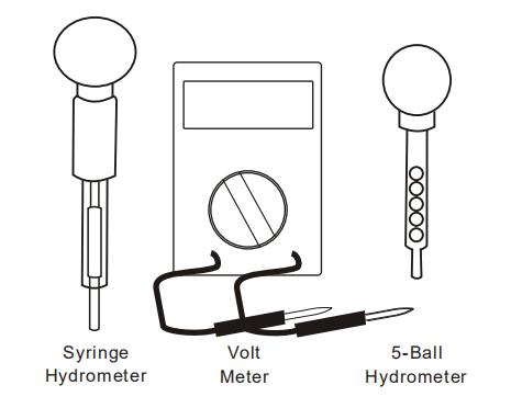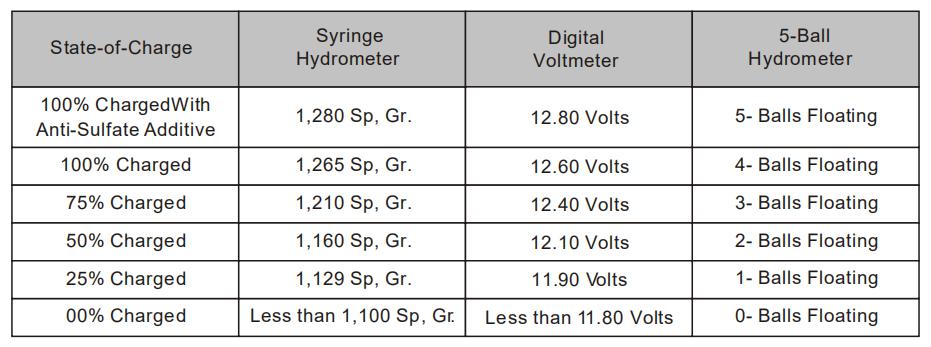 Для проверки уровня заряда аккумулятора можно использовать один из трёх методов: 1) шприцевой ареометр, 2) вольтметр или 3) пятишариковый ареометр. Сравнительная таблица трёх методов определения точного уровня заряда представлена в таблице ниже.
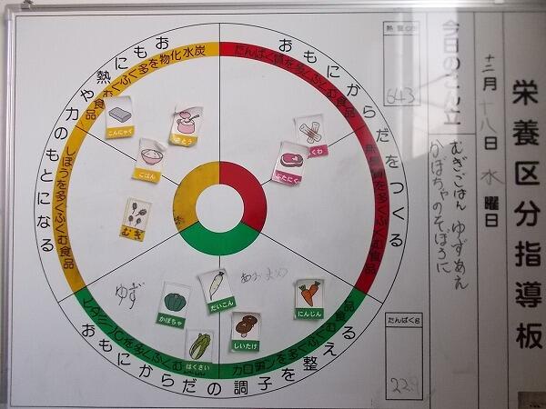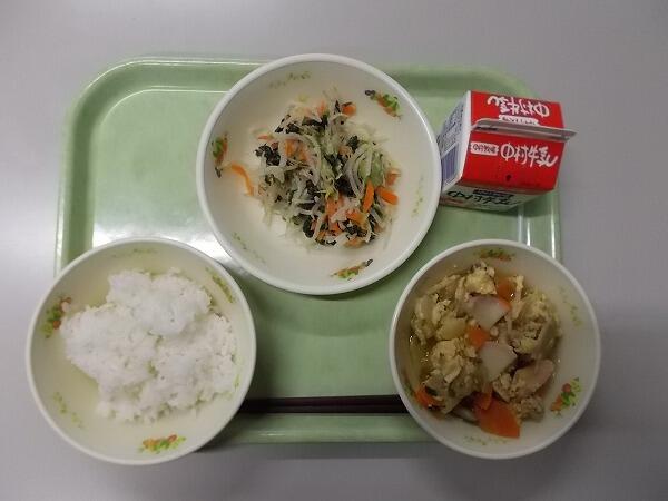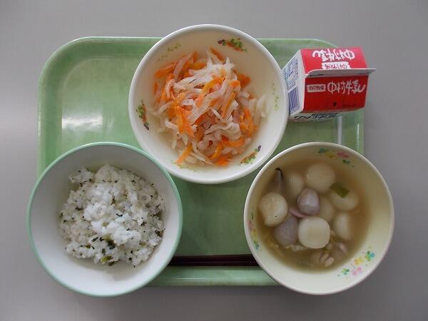 小学部の献立は「大根ご飯、具雑煮、紅白なます」でした。
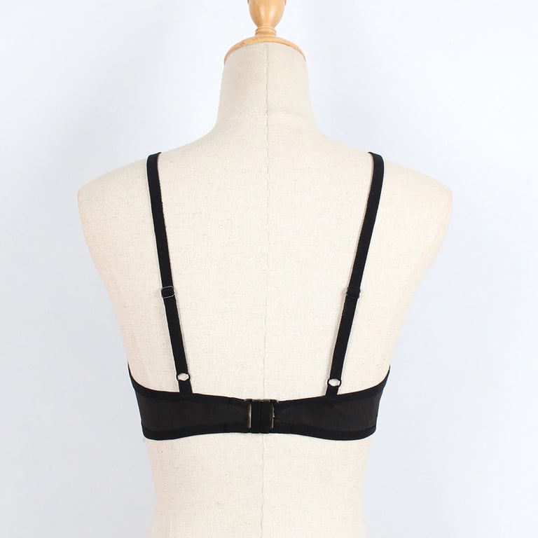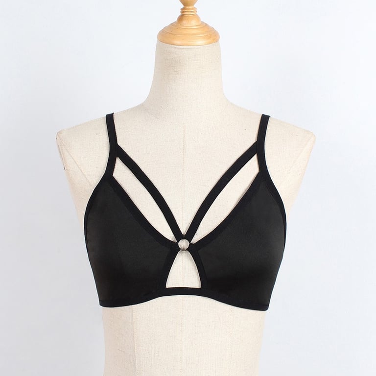 The bra features an unconventional cut. The neckline is adorned with straps that converge at the bridge.
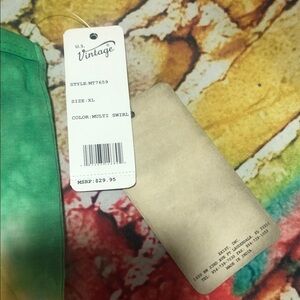 Bright tie-dye tank with a bold spiral design. Crafted by Vintage for a unique look.
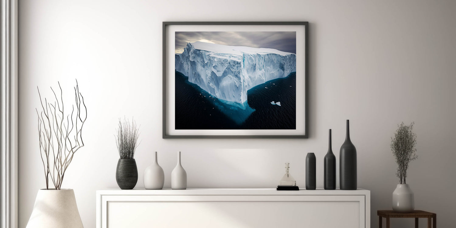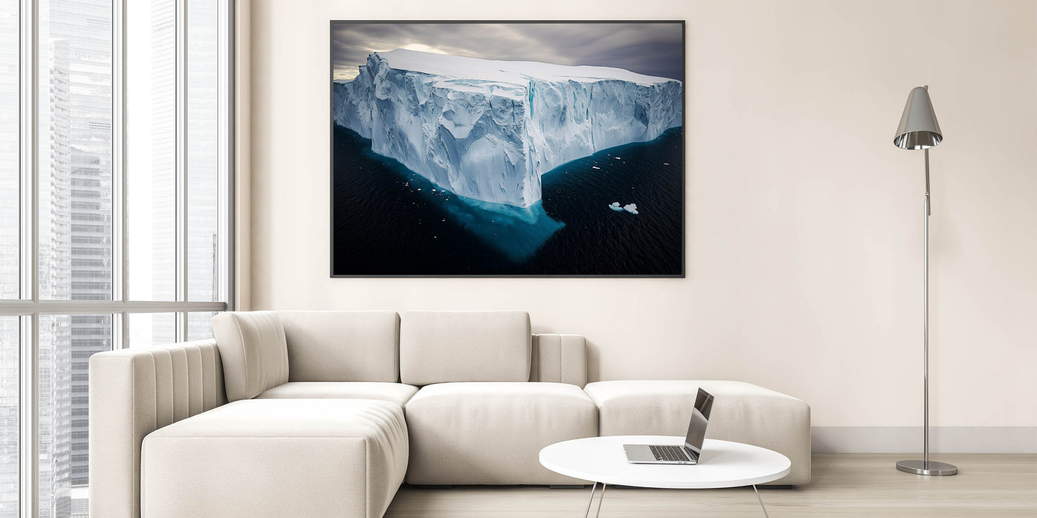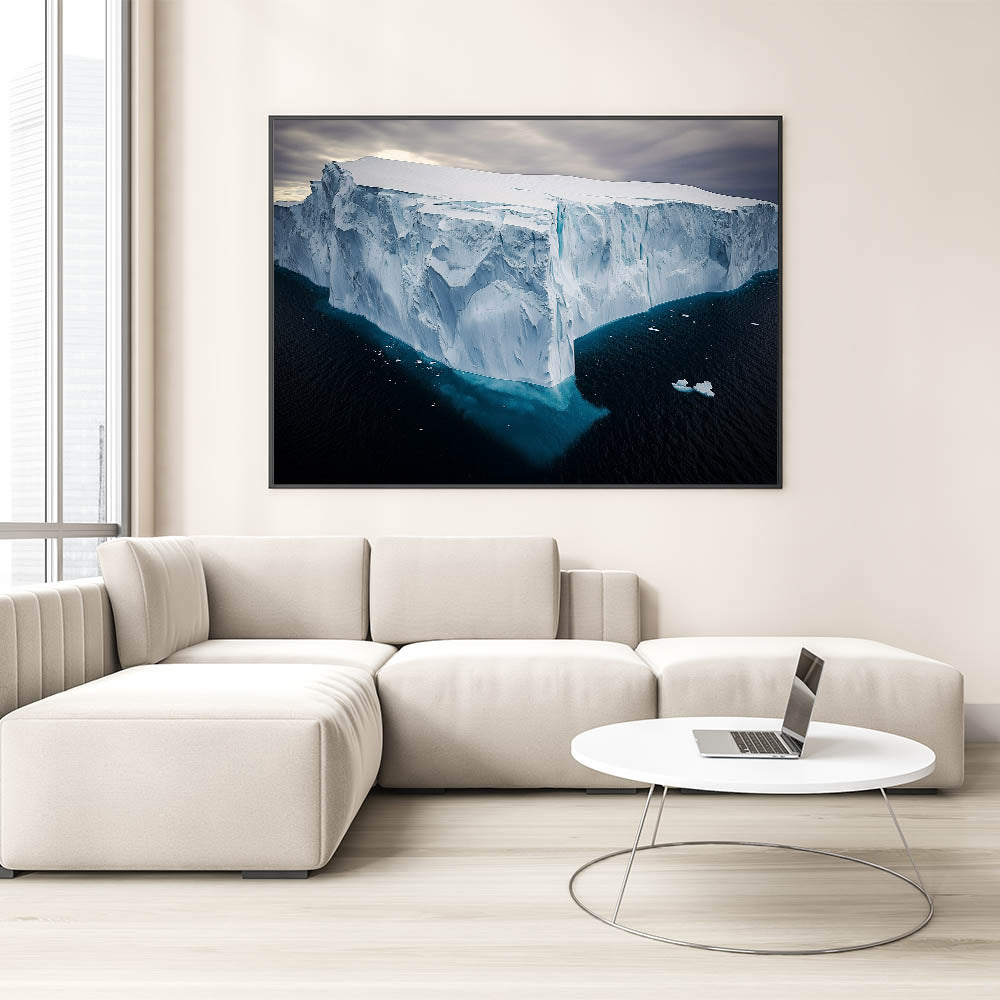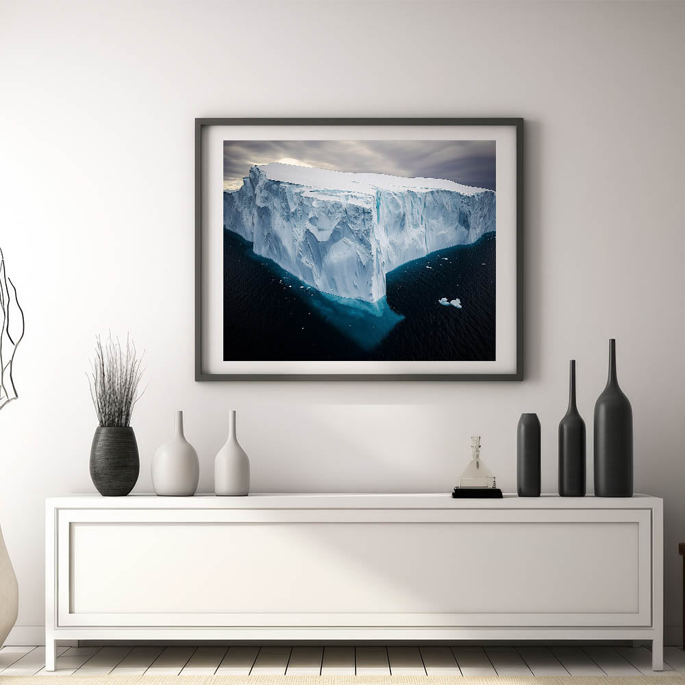 Immerse yourself in the grandeur of the Arctic with this stunning Cliffs Wall Art. Featuring a colossal iceberg rising majestically above dark, icy waters, this artwork captures the raw beauty and sheer scale of nature. The intricate textures of the ice are highlighted by subtle shadows and glacial hues, creating a dramatic and captivating scene. Perfect for those who appreciate the beauty of remote landscapes, this piece brings a sense of wonder and tranquility to any space.
● ● ●
Work task:
The line holding "The bra features" starts the copy and the line holding "Bright tie-dye tank" ends it. Repeat those two lines above and all between them exactly, leaving out pictures.

Response to this task:
 The bra features an unconventional cut. The neckline is adorned with straps that converge at the bridge.
 Bright tie-dye tank with a bold spiral design. Crafted by Vintage for a unique look.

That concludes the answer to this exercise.